The 2009 Estate Tax Roller Coaster

Introduction

The risk-adverse world of estate planning has been flipped on its head. For the next two years, married couples with sizable estates should brace for a wild ride. Starting in 2009, the estate tax exemption equivalent (exemption) is now $3.5 million per person ($7.0 million for a married couple).

In 2008, the exemption was $2.0 million per person. In 2010, estate taxes disappear only to resurface in 2011 with the exemption diving to $1.0 million per person, unless Congress intervenes.

What is going on here?

Traditional Analysis

Traditionally, estate planners grappled with exemptions that sheltered only a fraction of the estate tax liability. Maximizing the exemptions for husband and wife was the key objective.
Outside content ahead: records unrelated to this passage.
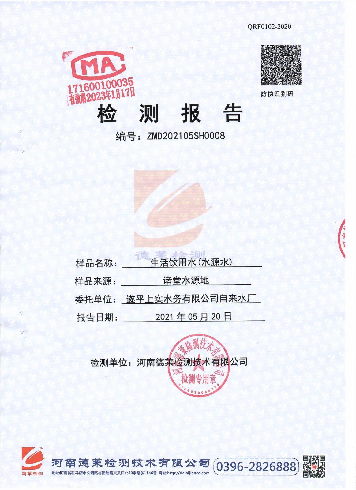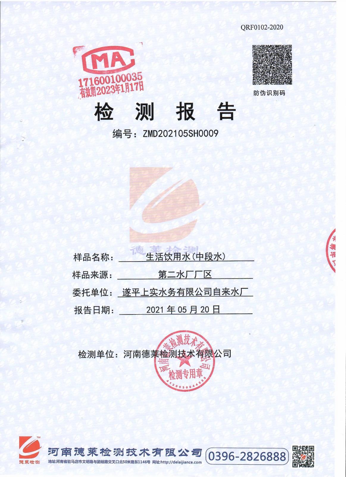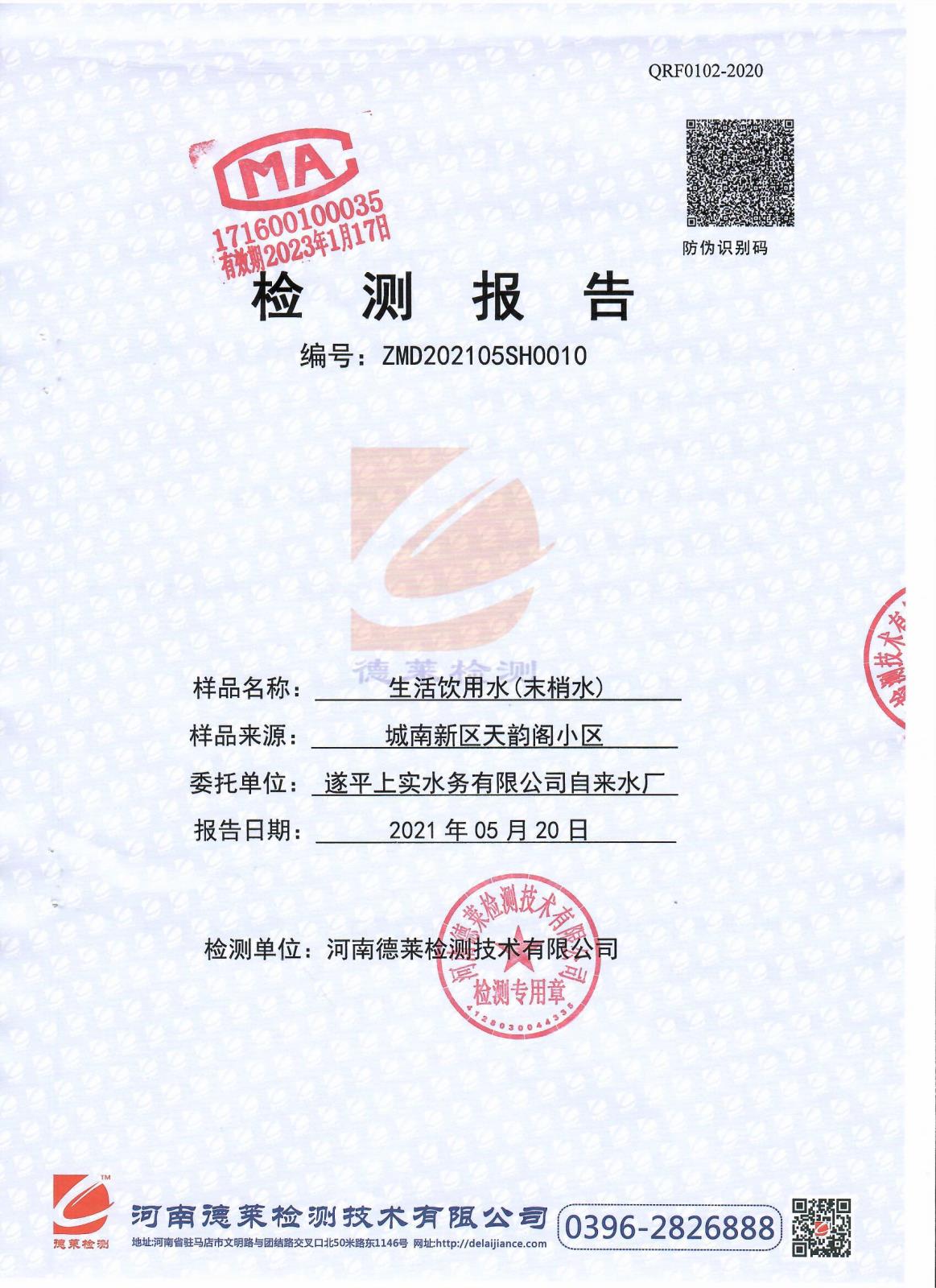 遂平上实水务有限公司南区水厂5月份水质检测报告
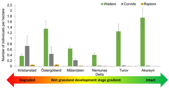 Mean number of waders, corvids and raptors observed per hectare for the six case study wet grassland landscapes in northern Europe (see Figure 1).
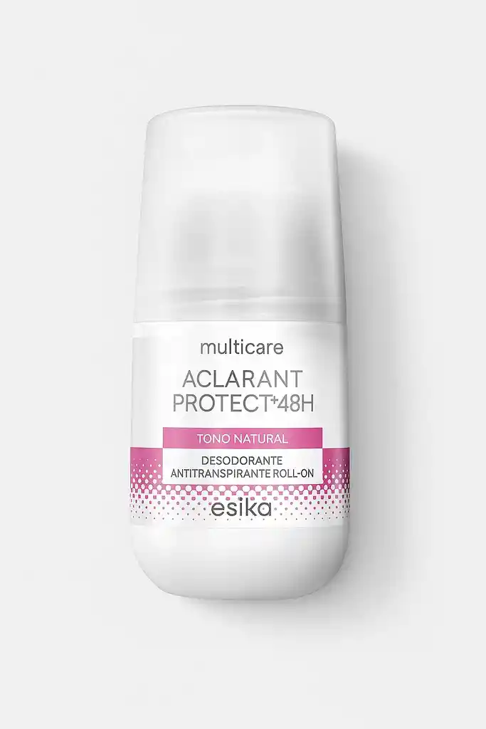 🌸 Desodorante Aclarant Protect 48H – Ésika (Original) ✨ Descripción: Disfruta de una piel suave, protegida y con tono uniforme con el desodorante Aclarant Protect 48H de Ésika. Su fórmula avanzada ayuda a aclarar las axilas mientras brinda protección efectiva por 48 horas. 📦 Detalles del producto: Tipo: Desodorante antitranspirante roll-on Línea: Multicare Efecto: Aclarador y protector Duración: 48 horas Tono: Natural Marca: Ésika Producto nuevo y sellado 🌼 Beneficios: Aclara y unifica el tono de la piel. Protege contra el sudor y el mal olor. Fórmula suave, ideal para piel sensible. De rápida absorción y sin residuos.
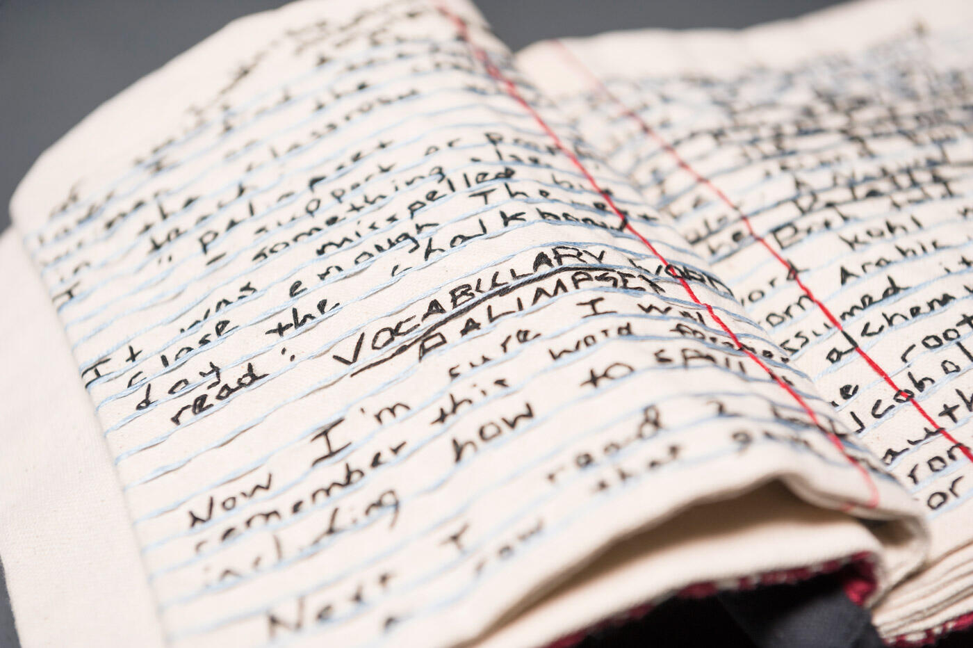 The artist, Candace Hicks, who is part of the Bookyln Artists Alliance, sewed every line, letter and illustration
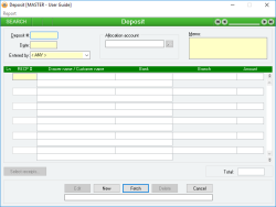 The Deposit form is the means by which you carry out the transfer of receipted payments to your bank. After a cash or cheque Receipt has been entered for a payment from a Customer, it is usually placed into a “cash on hand” account which will then be deposited into a bank or other account at a later stage using the Deposit form.
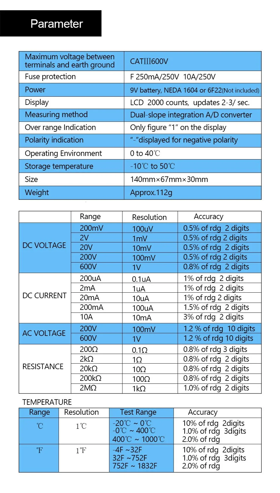 Напряжение постоянного тока: 200 мВ/2 в/20 в/200 В ± 0.5%, 600 В ± 0.8%
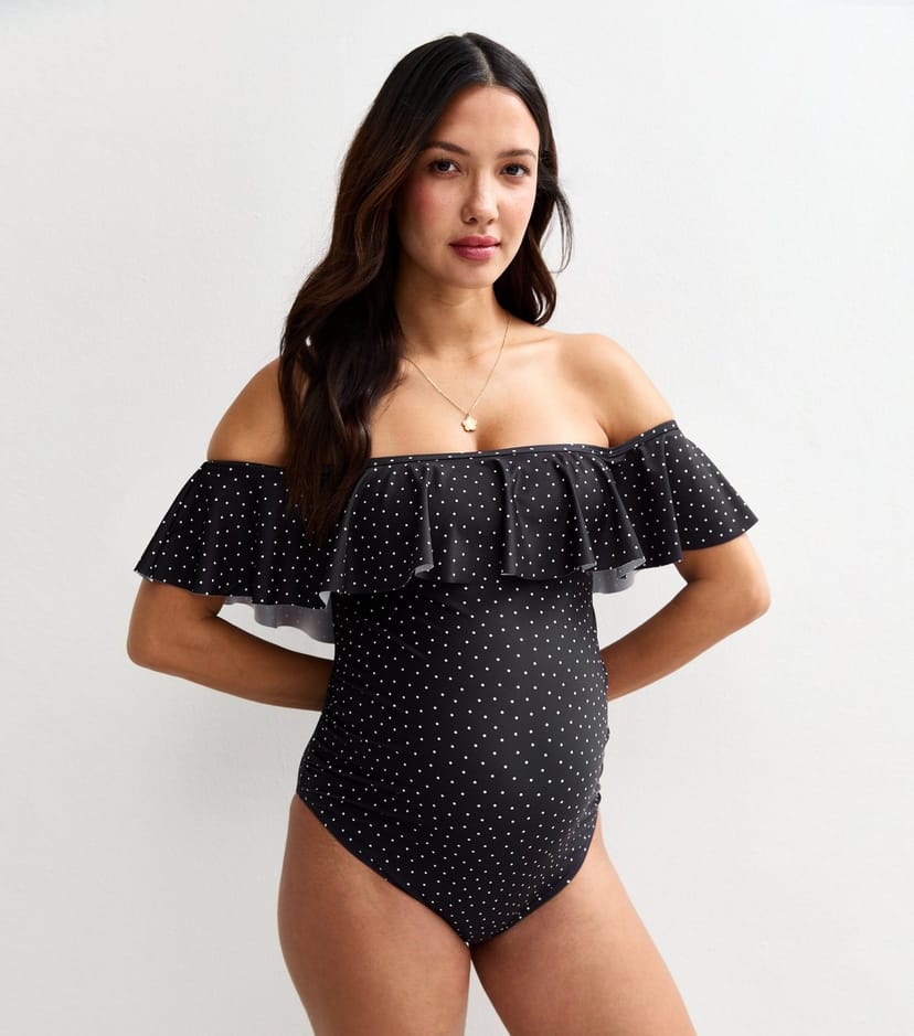 The New Look Black Polka Dot Frilly Trim Maternity Swimsuit is made from jersey.
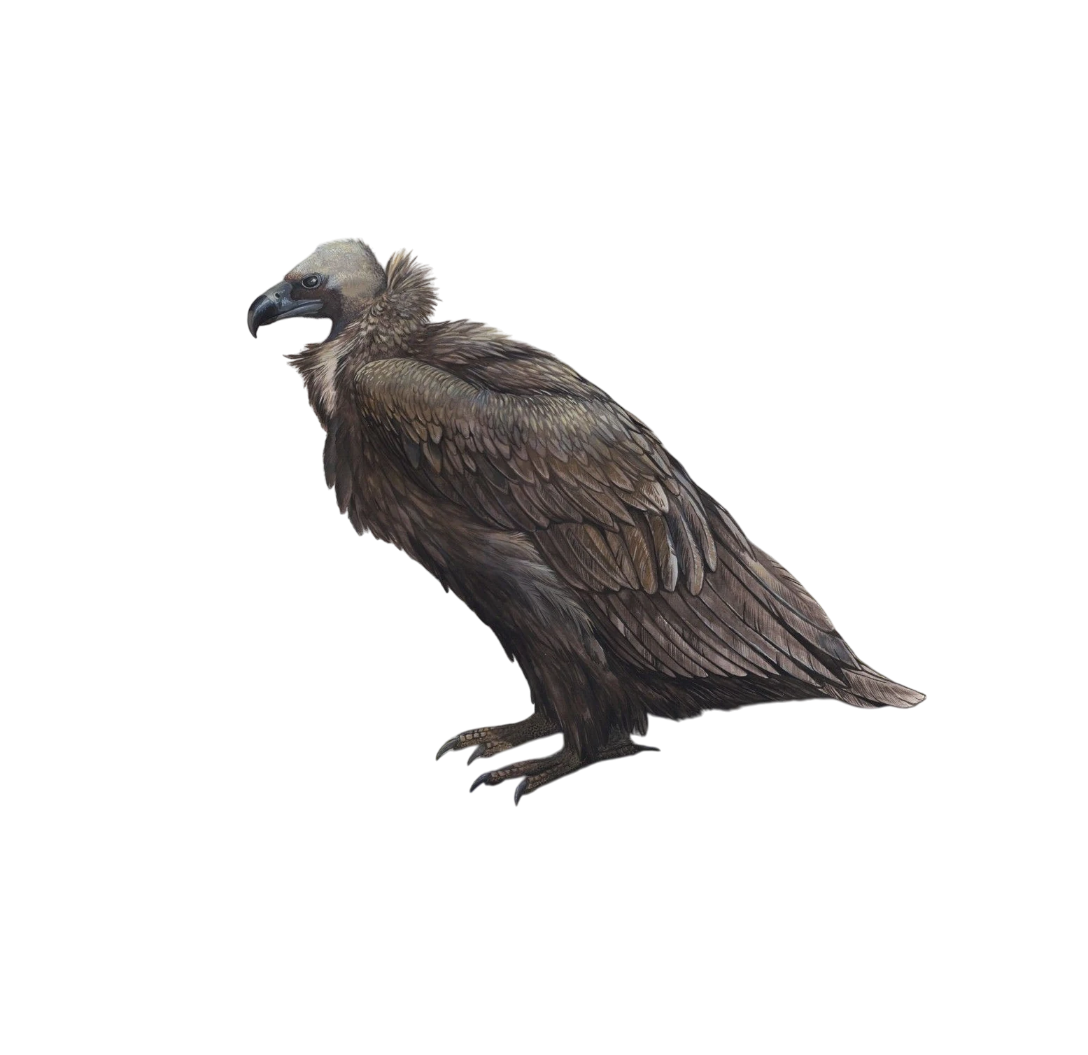 Vultures were large scavenging birds with broad wingspans, bald heads, and hooked beaks designed for tearing flesh. Their feathers were usually dark, with shades of brown, black, or gray, and their bare heads and necks helped them stay clean while feeding on decaying carcasses.
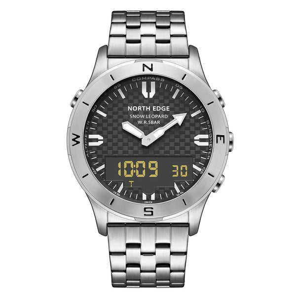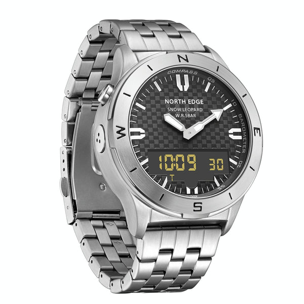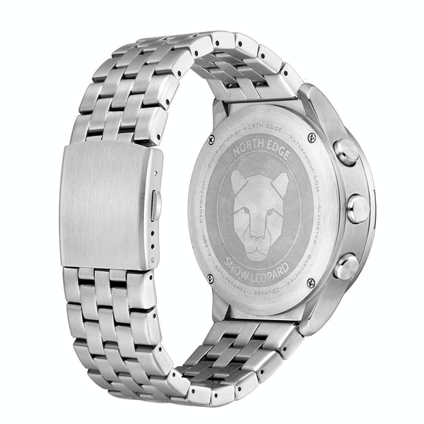 NORTH EDGE Snow-Leopard Outdoor Waterproof Men Multifunction Stainless Steel Strap Smart Watch(Silver)
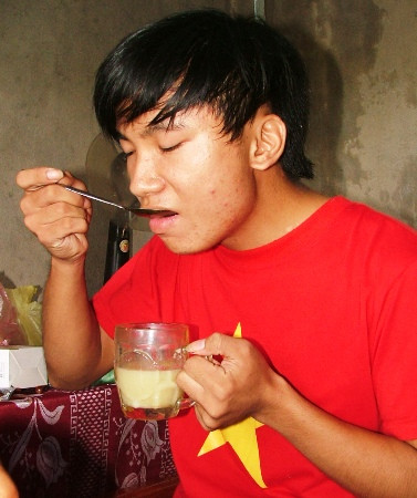 Đau đớn khiến Khiêm không thể nuốt nỗi dù chỉ là một hạt cơm vào miệng, thức ăn hàng ngày của em được mẹ nấu riêng, đó là một bát cháo gạo được ngâm rồi nấu, xay thật nhuyễn em mới có thể nuốt được, còn mỗi khi uống nước, em phải dùng đến ống hút.
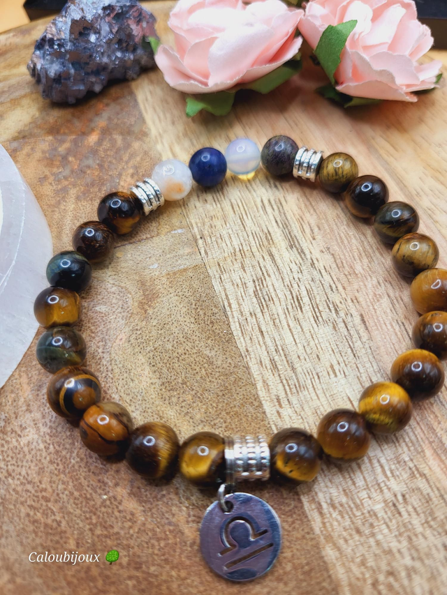 Bracelet perles naturelles 8mm montées sur fil élastique solide, pierres conseillées pour le signe de la balance
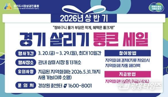 [광흥타임즈 = 조수제 기자] 시흥시는 고물가로 위축된 민생경제에 활력을 불어넣고 소상공인의 매출 증대를 돕기 위해 오는 3월 20일부터 29일까지 관내 전역에서 ‘2026년 상반기 경기 살리기 통큰 세일’을 개최한다.
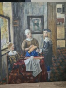 • April; Vermeer compositie gemaakt van het verdwenen werk met de omschrijving “de seigneur die zijn handen wast, met een doorkijkje en 2 beelden.
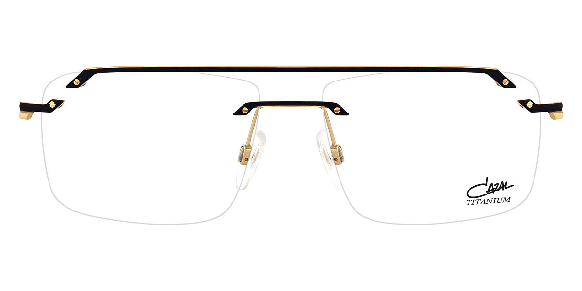Black-Gold (001) Eyeglasses (7100 001 57) by Cazal™. Size: 57-16-142, Shape: Rectangle, Material: Metal.
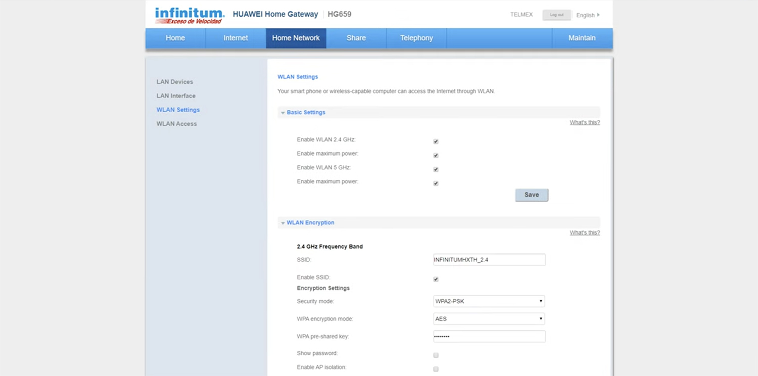 Telmex 路由器接口允许您 http://192.168.1.254 更改 WiFi 密码、网络名称 (SSID) 和默认 Telmex Infinitum 设置。

Generally, couples were concerned with the following: (i) minimizing estate taxes; (ii) leaving the maximum amount to the surviving spouse; and (iii) providing for the children or grandchildren after the death of the surviving spouse.

2009 Change

With a combined $7.0 million exemption, the focus shifts from minimizing estates taxes to maximizing the amount left to the surviving spouse estate-tax free ($3.5 million in 2009).

Note: Those with estates over $7.0 the traditional approach – maximizing each individual’s exemption – continues as the primary concern.

Examples

Assume husband and wife’s estate is $4.0 million, owned equally, and they have their full exemptions. If husband dies in 2008, his share of the assets ($2.0 million) is covered by his $2.0 million exemption. The same is true for wife; thus, there is no estate tax liability.

Now assume that husband dies in 2009. His $3.5 million exemption is $1.5 million greater than his $2.0 million share. If husband does not transfer additional assets to wife, her exemption will be underfunded by $1.5 million.

Under the new exemption amount, husband may transfer an additional $1.5 million to wife without adverse estate tax consequences.

Note: Under both examples, if in the future wife’s estate increases above her exemption, her estate may owe taxes on the difference.

New Approach

Given this new reality, the combined exemptions may greatly exceed the estate’s value. Allocations based on the estate’s size and the surviving spouse’s exemption are now the primary focus.

Maximum funding of the deceased spouse’s exemption may result is less than optimum planning and, potentially, an angry surviving spouse who was deprived of a larger share of the couple’s estate.

Conclusion

With the increase in exemptions, estate planning is undergoing radical change. Although there is no estate tax in 2010, the betting crowd wagers that Congress will settle on a future exemption between $2.5 and $3.5 million.